#### Required action:
All of the data must be output exactly, with every picture left out.

#### Stored data:

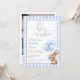 This charming baby shower invitation features a cute little baby bunny holding balloons and a blue gingham background. The reverse features your special photo and a registry QR code. Designed by Thisisnotme©
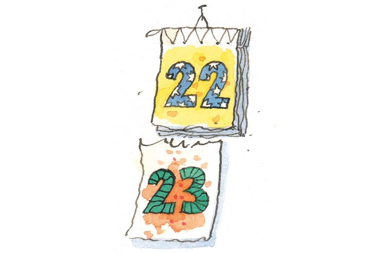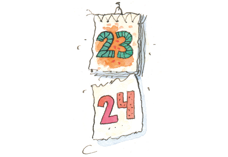 „Der Kalender beginnt bei vierundzwanzig“, erzählte der Reiseesel Mallorca, „und endet bei null! Jeden Tag reißt man ein Blatt ab. Vierundzwanzig, dreiundzwanzig, zweiundzwanzig … und dann ist Weihnachten. Ist das nicht gut?“
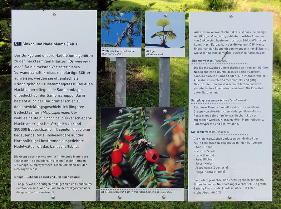 Der Neue Apothekergarten Ulm liegt in der Nähe der Gewächshäuser und wurde 2001 als Gemeinschaftsprojekt zwischen der Universität Ulm und der Firma ratiopharm angelegt. Auf seinen terrassenförmigen, zum Lehrer Tal hin abfallenden Beeten wachsen rund 200 Heilpflanzen, die nach 30 medizinischen Anwendungsgebieten und 5 weiteren Themen zur Pflanzenheilkunde angeordnet sind. Hier haben wir auch einen weiteren Ginkgobaum gefunden. . |
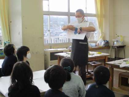 版画「ほって すって」の学習の様子です。まず最初に、外部講師の先生からお話を聞きました。
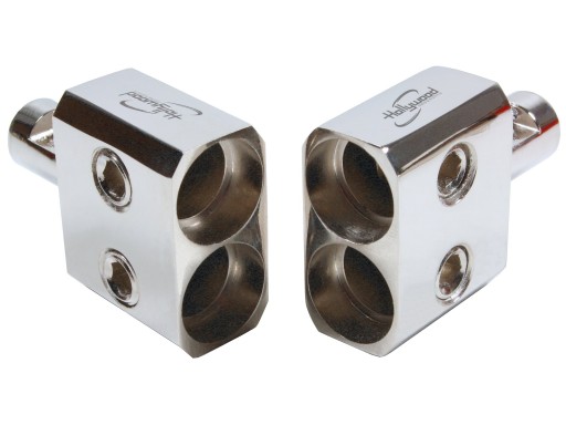 Zestaw rozdzielaczy (2 szt. / prawy i lewy) z wejściami dla dwóch przewodów zasilających wzmacniacz - wejście 2x53mm2 / wyjście 1x53mm2.
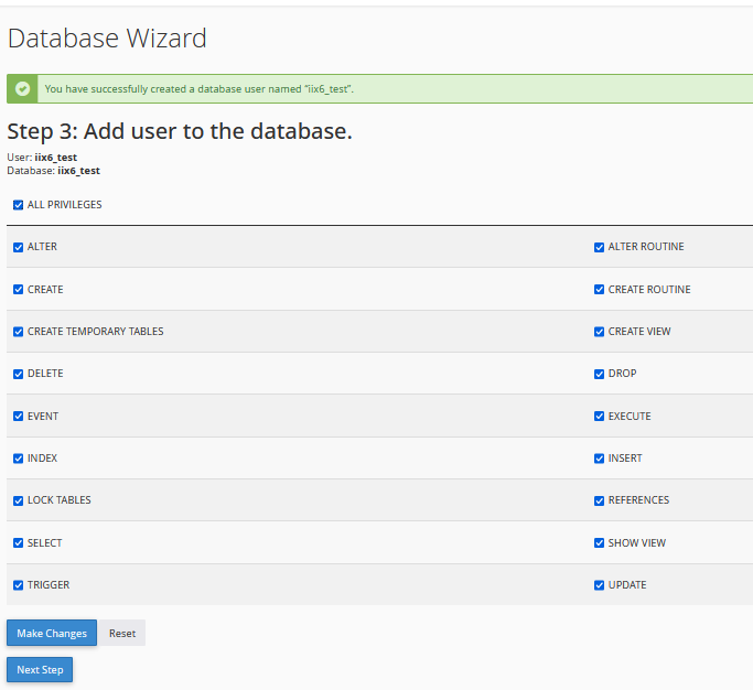 - Setelah memilih hak akses yang sesuai, klik Next Step.cPanel akan mengonfirmasi bahwa hak akses telah diterapkan dengan benar untuk pengguna tersebut.

#### Solution below:
 This charming baby shower invitation features a cute little baby bunny holding balloons and a blue gingham background. The reverse features your special photo and a registry QR code. Designed by Thisisnotme©
 „Der Kalender beginnt bei vierundzwanzig“, erzählte der Reiseesel Mallorca, „und endet bei null! Jeden Tag reißt man ein Blatt ab. Vierundzwanzig, dreiundzwanzig, zweiundzwanzig … und dann ist Weihnachten. Ist das nicht gut?“
 Der Neue Apothekergarten Ulm liegt in der Nähe der Gewächshäuser und wurde 2001 als Gemeinschaftsprojekt zwischen der Universität Ulm und der Firma ratiopharm angelegt. Auf seinen terrassenförmigen, zum Lehrer Tal hin abfallenden Beeten wachsen rund 200 Heilpflanzen, die nach 30 medizinischen Anwendungsgebieten und 5 weiteren Themen zur Pflanzenheilkunde angeordnet sind. Hier haben wir auch einen weiteren Ginkgobaum gefunden. . |
 版画「ほって すって」の学習の様子です。まず最初に、外部講師の先生からお話を聞きました。
 Zestaw rozdzielaczy (2 szt. / prawy i lewy) z wejściami dla dwóch przewodów zasilających wzmacniacz - wejście 2x53mm2 / wyjście 1x53mm2.
 - Setelah memilih hak akses yang sesuai, klik Next Step.cPanel akan mengonfirmasi bahwa hak akses telah diterapkan dengan benar untuk pengguna tersebut.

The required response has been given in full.